Speaker
Description
In experiments involving beam-plasma interactions, direct imaging techniques can serve as powerful tools for in situ visualization and analysis of plasma processes and parameters. An important example of direct imaging technique is shadowgraphy, which is based on optical modulation by plasma inhomogeneities. Major limitations of existing shadowgraphic techniques, however, are their complexity and poor sensitivity to small plasma density fluctuations. Dark-field shadowgraphy, a novel design based on schlieren principles, promises to deliver orders of magnitude higher signal-to-noise ratio with less stringent requirements on probe laser parameters.
To demonstrate the use of dark-field shadowgraphy in probing beam plasma interactions, we present preliminary results from two experimental campaigns at the FACET-II, SLAC. The first experiment (E340) aims at studying the transition between beam-driven plasma waves (PWFA) and a wakeless regime characterized by breakdown of periodic wave structures and formation of ion channel in a narrow plasma column.

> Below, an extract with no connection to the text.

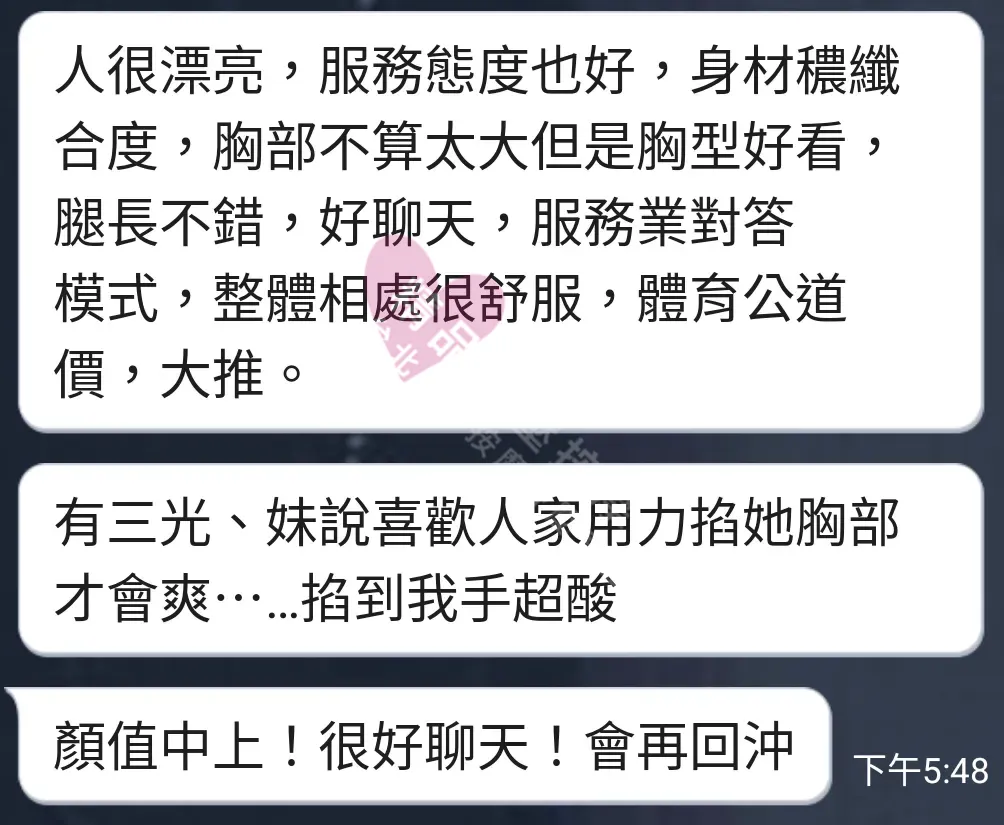 美容師都很有禮貌,先幫你背部按摩聊聊天,前戲會開始調情輕功,再來就是重點部位的加強。如果預算,也可以跟美容師聊聊加值服務,放心問都有機會。精品舒壓期待每位客人每次來舒壓都有個Happy Ending!

Implementing dark shadowgraphy, we observed a clear distinction between image patterns from the PWFA and wakeless regime with good agreement to expected plasma wave periods, numerical simulations, and other experimental measurements. The second experiment (E305) aims at characterizing filamentation instabilities formed by an ultra-relativistic electron beam interacting with a plasma background, the same physical process powering important astrophysical phenomena such as gamma ray bursts. First dark shadowgraphy images from the experiment indicated sensitivity to instability-forming conditions, promising use of the diagnostics in laboratory astrophysics platforms for probing beam plasma instabilities.